LAWS(ALL)-1954-1-44

PIAREY LAL Vs. STATE THROUGH SHIVA BALAK

Decided On January 07, 1954
PIAREY LAL Appellant
V/S
State Through Shiva Balak Respondents

JUDGEMENT

(1.) This is an application under Article 227 of the Constitution and Sec. 561 -A of the Code of Criminal Procedure wherein the petitioner prays that the order passed by the Panchayati Adalat convicting the applicant under Sec. 379 of the Indian Penal Code and sentencing him to a fine of Rs. 25/ - be set aside. Sheo Balak opposite -party made a report to the police complaining that the applicant had attempted to steal away a lota belonging to the opposite party when he was caught red -handed. A case was registered and it was then entrusted to the Panchayati Adalat as the case was within the cognizance of the Panchayati Adalat. The sarpanch constituted a Panchayat of five persons and started proceedings. After some hearings in the case Mata Prasad and Satrohon, two of the five Panches made an application to the sarpanch to the effect that Sheo Balak had made allegations against them and they would not like to be on the Panchayat. They also mentioned in the application that in case the sarpanch agreed to drop them out they should be informed. No action was taken on this application and the Panchayat went on with the case. Ultimately the applicant was found guilty and was sentenced to a fine of Rs. 25/ - on the 16th August, 1952. The applicant then went in revision to the Sub -Divisional Magistrate but the application for revision was dismissed. He then made the present application under Article 227 of the Constitution and Sec. 561A of the Code of Criminal Procedure.

(2.) The first point which has been pressed on behalf of the applicant is that the Panchayat was not duly constituted as two of the panches had signified to the sarpanch their unwillingness to act on the Panchayat. The Panchayat was constituted on the 28th July, 1951, and there were four or five hearings before the application, by Mata Prasad and Satrohan referred to above, was made No, objection to the constitution of the Panchayat was raised by the applicant or by the complainant. Under Rule 84 -D framed under the Panchayat Raj Act it is open to any party to a case, suit or proceeding before a village Panchayat to make an objection about the personel of a Bench constituted for the hearing of the case but such an objection shall be made before the commencement of the hearings. Admittedly no objection was raised by either party to the personnel or to the constitution of the Bench before the hearing started. The learned Counsel for the applicant has not been able to show any provision of law under which it was open to the panches to resign from the Panchayat. But even if such a course of conduct be deemed to be open to a panch, the application made on the 12th September, by Mata Prasad and Satrohan did not submit to a clear and unequivocal resignation from the Panchayat. All that the application shows is that the two panches were unwilling to act in the Panchayat in view of the allegations made by Sheo Balak against them. They had, however, mentioned in the application that they would await the order of the sarpanch. If no orders were made by the sarpanch they would be deemed to have continued as members of the Panchayat There is thus no force in the contention that the Panchayat was not duly constituted.
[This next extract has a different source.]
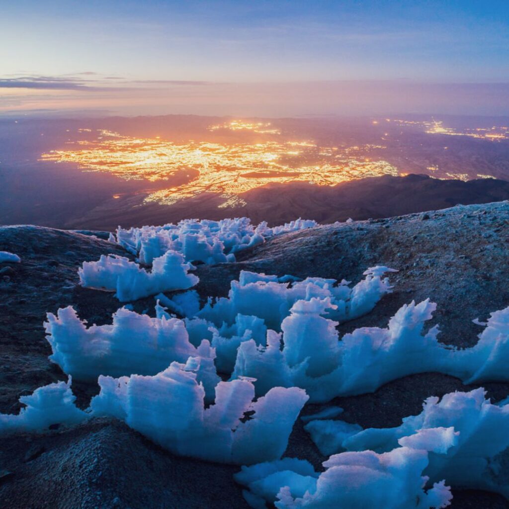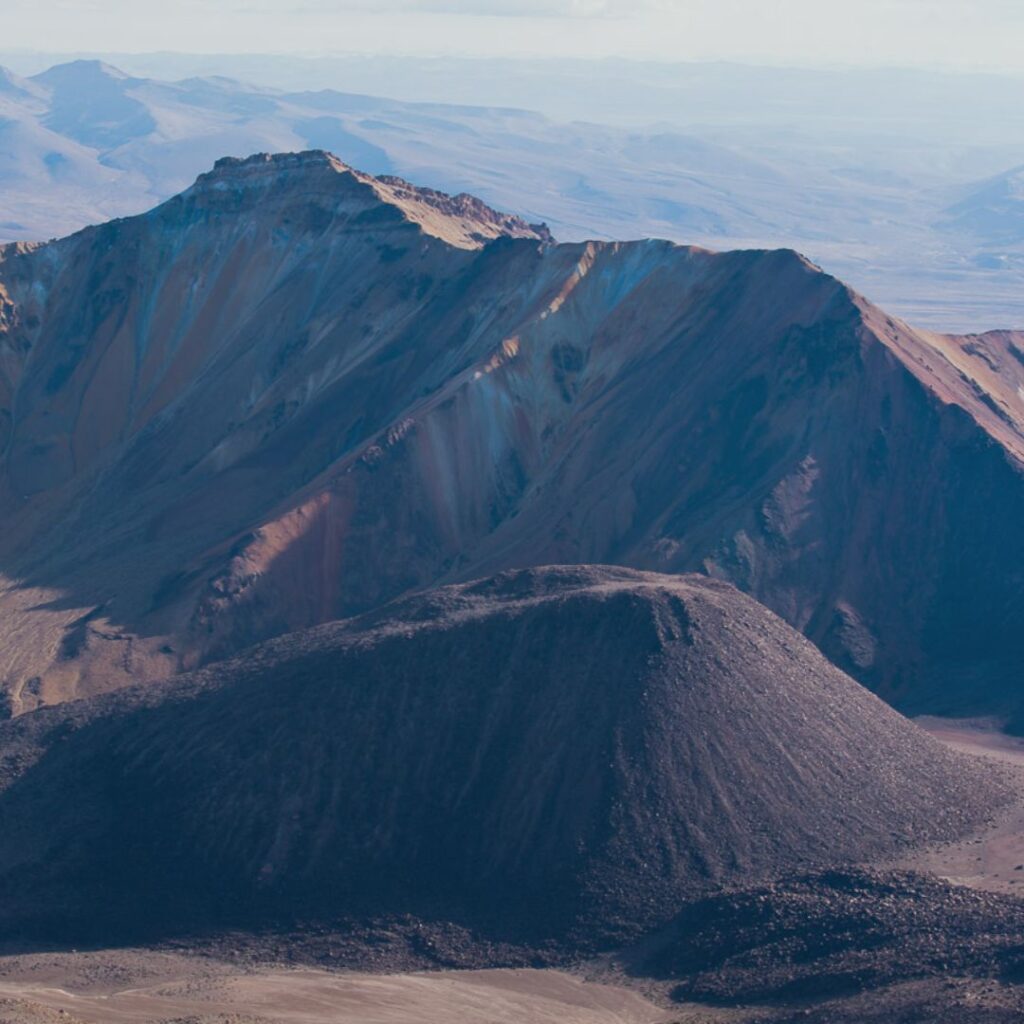 Szczyt Chachani: O wschodzie słońca, około 9:00 rano, staniemy na wierzchołku Chachani. Widok stąd jest absolutnie oszałamiający – panoramiczna perspektywa na otaczające wulkany Misti, Pichu Pichu, rozległą pustynię i miasto Arequipa w oddali. To niezapomniane poczucie triumfu i spełnienia po tygodniach przygotowań i dniach wysokogórskiego wysiłku.

(3.) The next point which has been urged on behalf of the applicant is that all the panches were not present at all the proceedings and did not subscribe to the judgment delivered by the panches. Reliance has been placed on a ruling of this Court in Tajjmul v/s. Mohd. Ismail : 1952 A.W.R. (H.C.) 352. in which it was held that Rule 100 framed under the Panchayat Raj Act required the presence of the panches at all stages of the proceedings. Evidently the amendment made to the Panchayat Raj Act by the addition of a new Sec. 77A was not brought to the notice of the learned Judge at the time when the case referred to above was decided. The case was decided on the 12th June, 1952, and the amendment came into effect on the 2nd June and presumably the amendment did not come to the notice of the counsel for parties or the learned Judge at the time when the case was heard. After the addition of Sec. 77 -A to the Panchayat Raj Act it would no longer be open to a party to question the proceedings before the Panchayati Adalat on the ground that one or two of the panches were not present at all the stages of the proceedings. A perusal of Sec. 77 -A shows that it is open to the panches present at the time of the hearing to proceed with the case provided there were at least three panches present and the Chairman was one of them. It has been argued that even though all the panches may not be present at all the hearings, all of them ought to join in delivery of judgment. I am unable to agree with this contention. If one or two of the panches were not present at the hearings it could not be expected that they would join in the delivery of the judgment. The words used in Sec. 77 -A are "If any panches appointed to a Bench constituted under Sec. 49 for the trial of a case, suit or proceeding is absent at any hearing, the remaining panches may, notwithstanding anything contained in this Act, try the case, suit or proceeding provided, however, that at least three panches, including the chairman are present and provided further that at least one of the panches present is able to record evidence and proceedings". Retrospective effect has been given to this amendment. The words "try the case" include delivery of judgment also and if three panches, including the sarpanch, have been present at all the hearings and have signed the judgment, the judgment cannot be assailed on that ground.